Task goal
Please repeat exactly the lines below from the line with "ブレイス トランクリップスポイラー カーボン調" to the line with "- Included gauge", including both, and leave out every picture.

Data
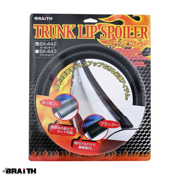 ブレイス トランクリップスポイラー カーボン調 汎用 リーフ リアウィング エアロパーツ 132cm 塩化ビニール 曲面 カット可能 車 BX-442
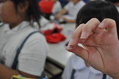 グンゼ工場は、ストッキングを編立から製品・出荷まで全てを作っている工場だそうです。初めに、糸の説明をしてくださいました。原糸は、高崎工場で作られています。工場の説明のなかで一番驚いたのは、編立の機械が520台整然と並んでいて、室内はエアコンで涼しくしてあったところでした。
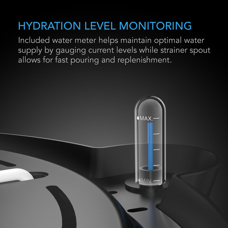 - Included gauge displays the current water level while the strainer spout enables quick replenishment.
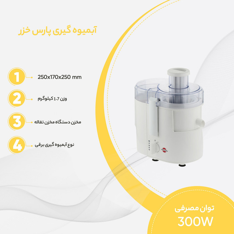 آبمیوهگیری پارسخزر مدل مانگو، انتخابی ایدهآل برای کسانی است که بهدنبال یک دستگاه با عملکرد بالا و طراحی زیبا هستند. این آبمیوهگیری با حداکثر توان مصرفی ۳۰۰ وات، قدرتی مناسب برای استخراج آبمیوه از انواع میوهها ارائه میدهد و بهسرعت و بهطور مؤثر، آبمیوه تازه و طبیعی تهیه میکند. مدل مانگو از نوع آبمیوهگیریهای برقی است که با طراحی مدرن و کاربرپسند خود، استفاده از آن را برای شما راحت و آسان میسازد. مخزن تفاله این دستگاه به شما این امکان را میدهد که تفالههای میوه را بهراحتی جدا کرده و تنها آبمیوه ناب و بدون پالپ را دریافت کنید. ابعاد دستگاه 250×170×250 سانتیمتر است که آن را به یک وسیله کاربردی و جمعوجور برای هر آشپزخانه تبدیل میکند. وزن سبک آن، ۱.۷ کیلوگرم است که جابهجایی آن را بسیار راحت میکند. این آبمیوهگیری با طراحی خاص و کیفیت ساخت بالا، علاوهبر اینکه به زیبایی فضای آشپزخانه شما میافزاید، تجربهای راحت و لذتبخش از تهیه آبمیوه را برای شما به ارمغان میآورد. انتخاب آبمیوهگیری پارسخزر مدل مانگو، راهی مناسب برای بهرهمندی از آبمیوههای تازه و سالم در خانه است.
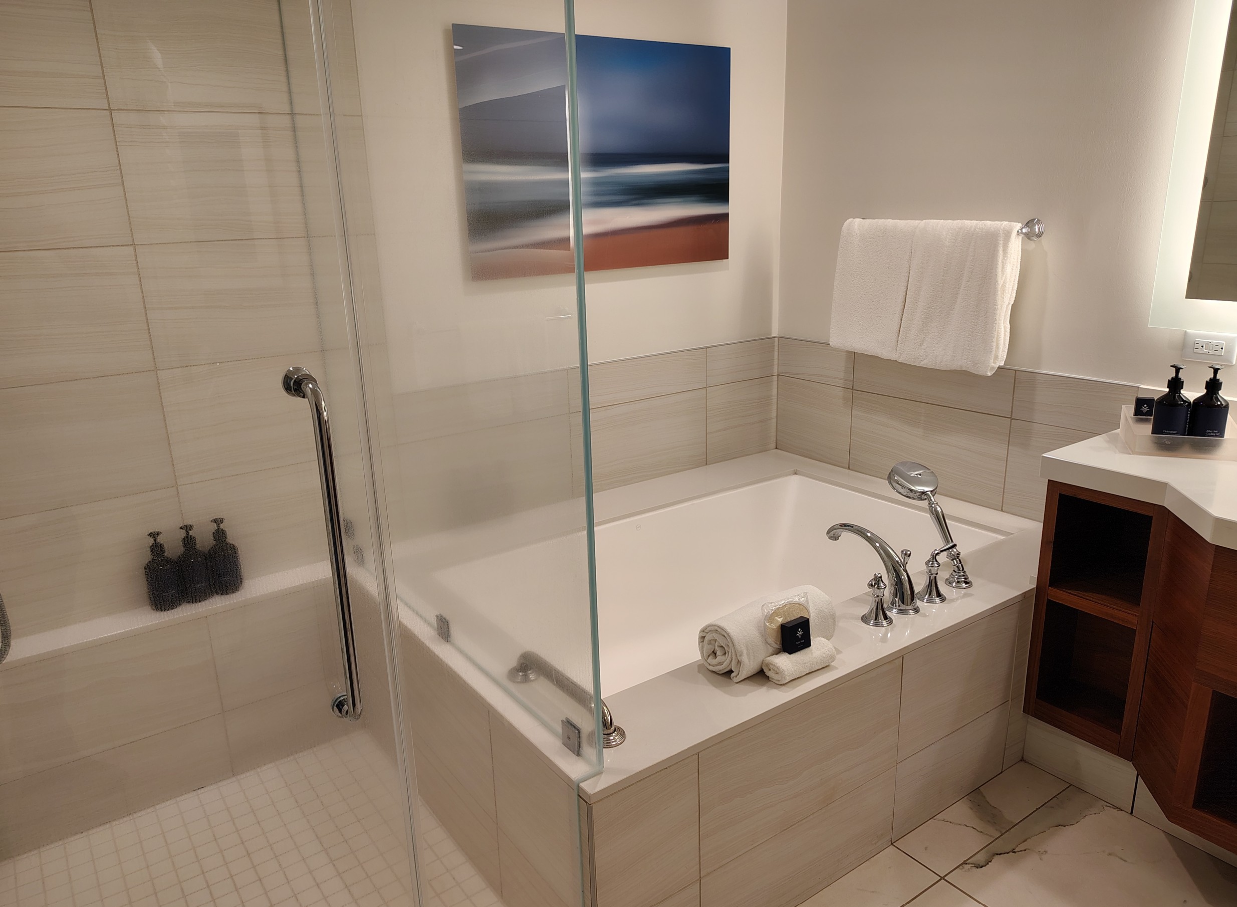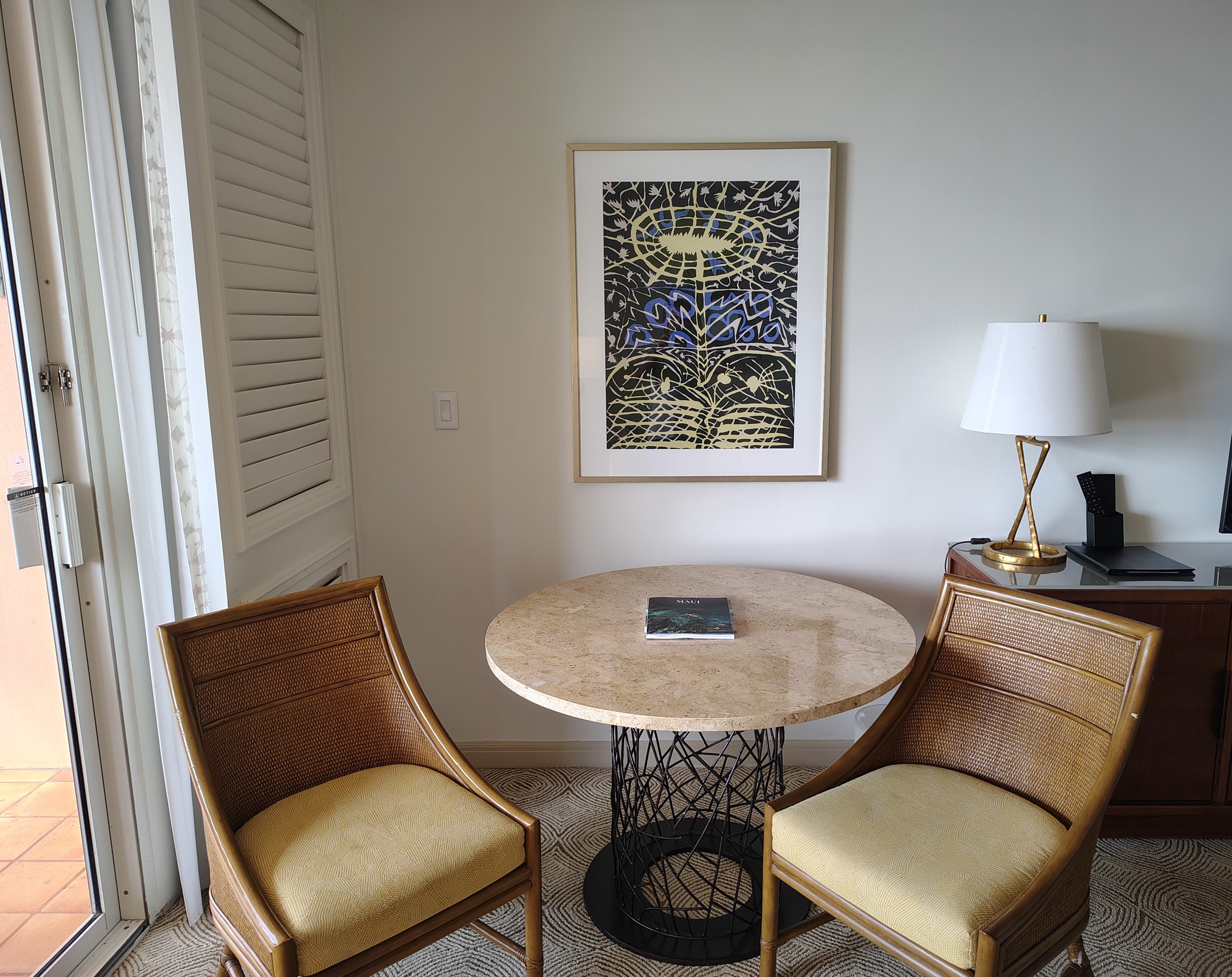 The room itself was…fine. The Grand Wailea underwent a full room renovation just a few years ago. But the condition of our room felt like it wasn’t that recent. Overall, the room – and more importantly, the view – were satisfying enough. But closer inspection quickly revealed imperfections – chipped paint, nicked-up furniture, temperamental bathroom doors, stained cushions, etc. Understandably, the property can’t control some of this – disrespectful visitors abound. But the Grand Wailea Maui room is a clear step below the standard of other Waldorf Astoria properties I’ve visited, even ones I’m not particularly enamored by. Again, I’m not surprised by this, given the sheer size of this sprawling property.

* * *

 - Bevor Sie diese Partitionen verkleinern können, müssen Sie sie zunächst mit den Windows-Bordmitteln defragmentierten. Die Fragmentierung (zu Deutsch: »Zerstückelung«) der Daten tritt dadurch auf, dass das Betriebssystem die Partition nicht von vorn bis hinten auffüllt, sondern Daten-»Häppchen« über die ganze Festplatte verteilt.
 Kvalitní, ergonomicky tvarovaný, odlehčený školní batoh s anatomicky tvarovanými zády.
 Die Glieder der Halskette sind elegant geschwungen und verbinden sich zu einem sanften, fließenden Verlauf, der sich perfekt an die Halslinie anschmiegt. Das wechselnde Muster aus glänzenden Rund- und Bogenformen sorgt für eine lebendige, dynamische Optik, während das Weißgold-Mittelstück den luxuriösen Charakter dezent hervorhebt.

* * *

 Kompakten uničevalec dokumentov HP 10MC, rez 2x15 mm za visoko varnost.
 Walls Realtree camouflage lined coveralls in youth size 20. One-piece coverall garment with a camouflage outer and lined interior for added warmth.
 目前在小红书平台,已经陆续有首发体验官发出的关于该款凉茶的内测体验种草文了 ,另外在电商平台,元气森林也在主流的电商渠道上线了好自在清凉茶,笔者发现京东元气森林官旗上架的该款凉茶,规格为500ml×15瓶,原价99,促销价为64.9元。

Exercise result
 ブレイス トランクリップスポイラー カーボン調 汎用 リーフ リアウィング エアロパーツ 132cm 塩化ビニール 曲面 カット可能 車 BX-442
 グンゼ工場は、ストッキングを編立から製品・出荷まで全てを作っている工場だそうです。初めに、糸の説明をしてくださいました。原糸は、高崎工場で作られています。工場の説明のなかで一番驚いたのは、編立の機械が520台整然と並んでいて、室内はエアコンで涼しくしてあったところでした。
 - Included gauge displays the current water level while the strainer spout enables quick replenishment.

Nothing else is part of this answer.